* _What to work on_: Please print, exactly, only the lines in the entries below from the line that has "da pergamena verniciata;" through the line that has "Пилка сабельная по". Pictures don't go in.

* _Data records_:
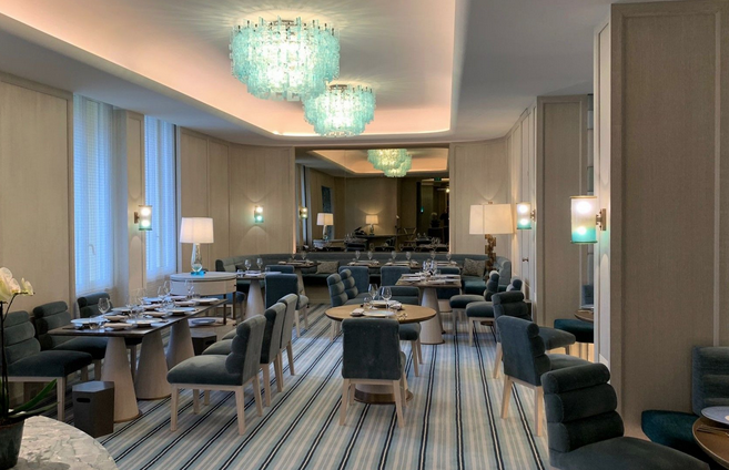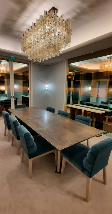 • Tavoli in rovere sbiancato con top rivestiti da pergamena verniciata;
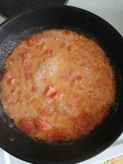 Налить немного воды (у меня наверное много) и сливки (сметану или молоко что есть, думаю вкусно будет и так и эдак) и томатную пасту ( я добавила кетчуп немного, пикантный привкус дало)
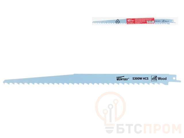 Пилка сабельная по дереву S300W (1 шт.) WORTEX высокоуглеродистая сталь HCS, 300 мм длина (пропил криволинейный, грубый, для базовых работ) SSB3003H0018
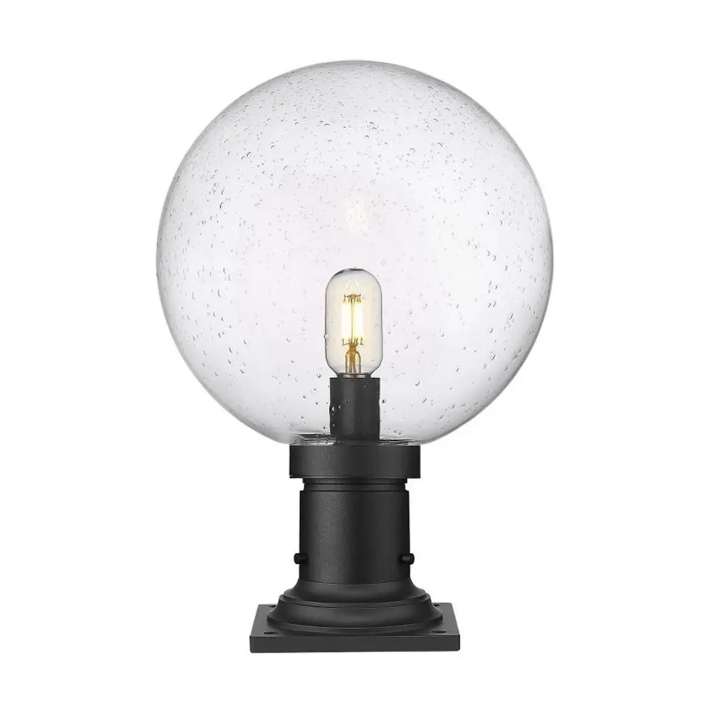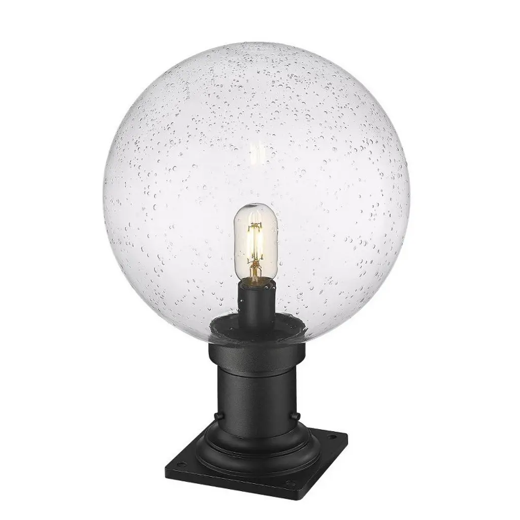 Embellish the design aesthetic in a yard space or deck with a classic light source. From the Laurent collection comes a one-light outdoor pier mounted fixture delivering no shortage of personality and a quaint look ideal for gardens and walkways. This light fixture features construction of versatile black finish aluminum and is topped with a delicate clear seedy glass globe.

--

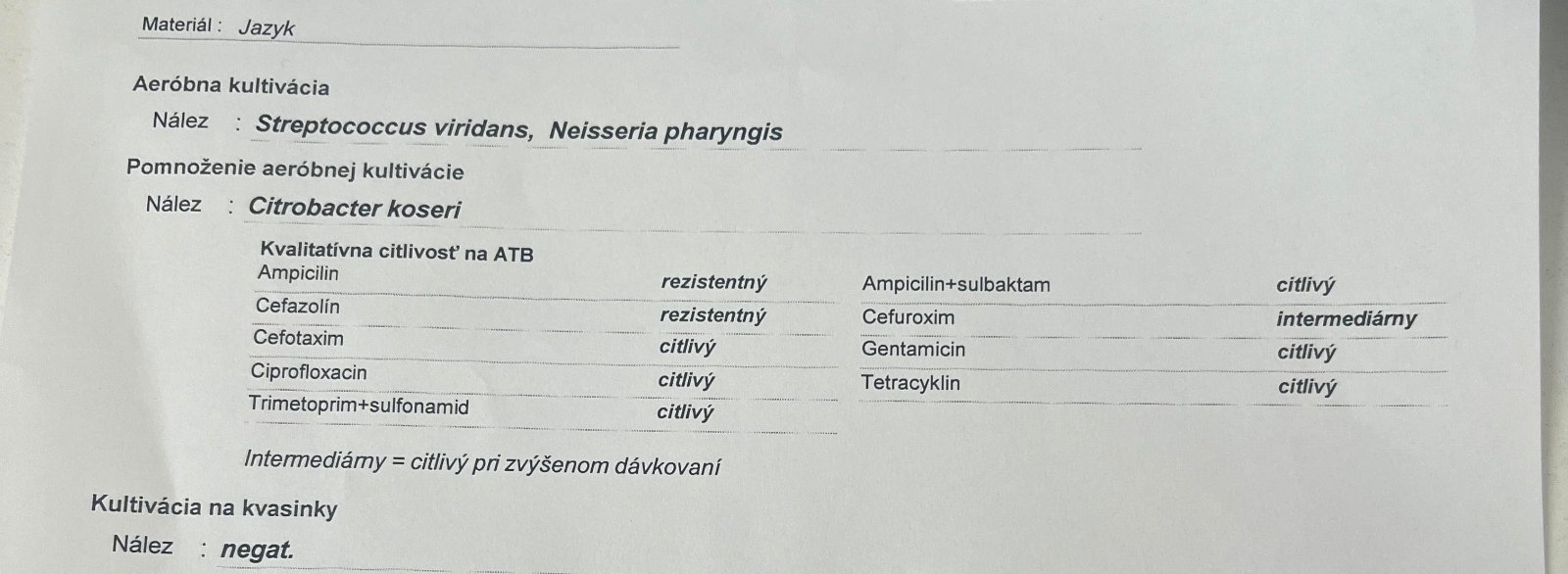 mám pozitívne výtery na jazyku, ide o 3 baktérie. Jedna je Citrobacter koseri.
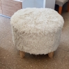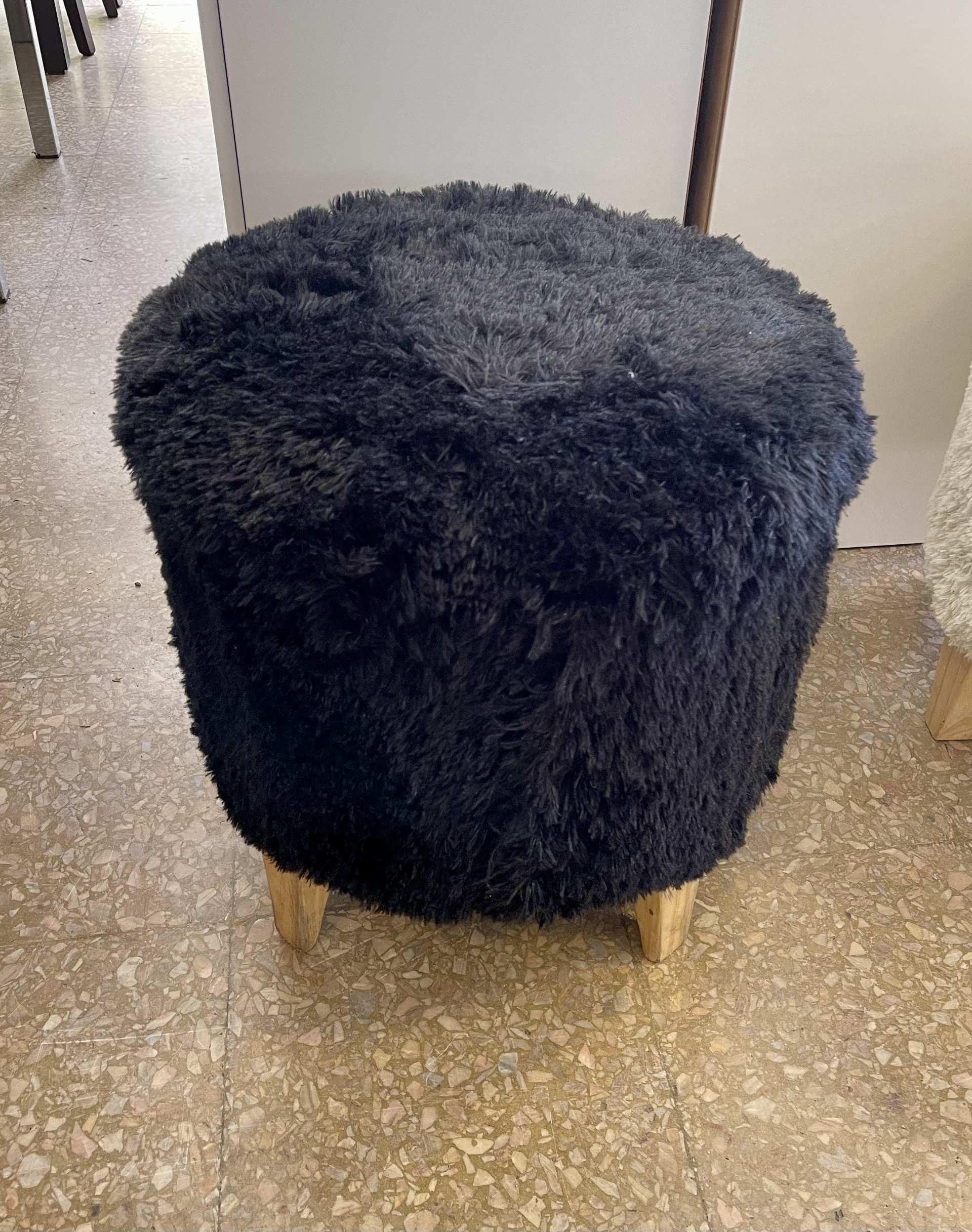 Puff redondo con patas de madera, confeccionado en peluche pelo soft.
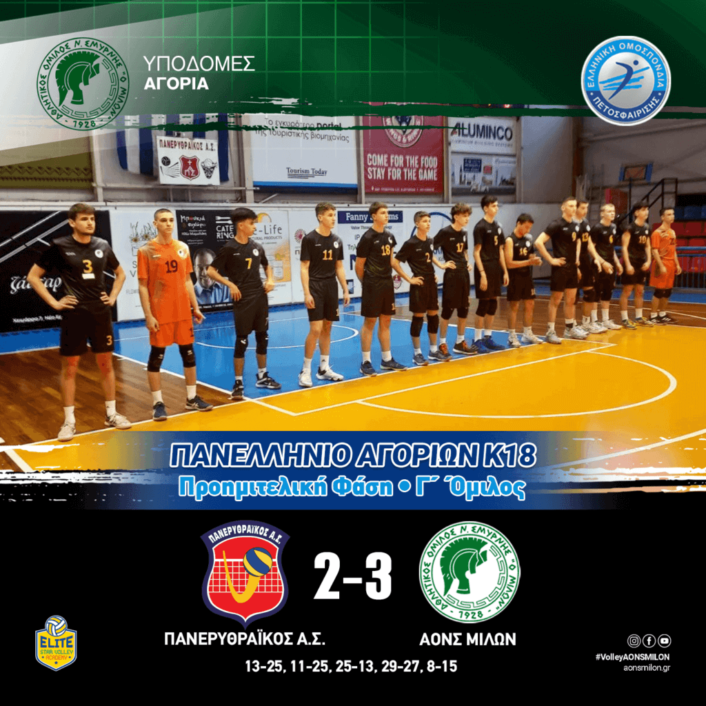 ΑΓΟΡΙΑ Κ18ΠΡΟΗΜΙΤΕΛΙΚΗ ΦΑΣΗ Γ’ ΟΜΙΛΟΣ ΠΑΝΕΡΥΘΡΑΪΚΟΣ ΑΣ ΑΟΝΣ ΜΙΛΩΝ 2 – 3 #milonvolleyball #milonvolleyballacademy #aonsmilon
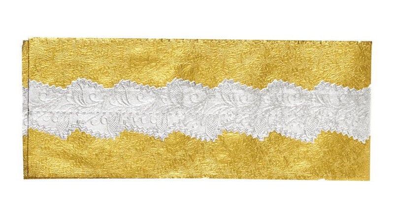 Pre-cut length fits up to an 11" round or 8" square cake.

* _Exercise answer_:
 • Tavoli in rovere sbiancato con top rivestiti da pergamena verniciata;
 Налить немного воды (у меня наверное много) и сливки (сметану или молоко что есть, думаю вкусно будет и так и эдак) и томатную пасту ( я добавила кетчуп немного, пикантный привкус дало)
 Пилка сабельная по дереву S300W (1 шт.) WORTEX высокоуглеродистая сталь HCS, 300 мм длина (пропил криволинейный, грубый, для базовых работ) SSB3003H0018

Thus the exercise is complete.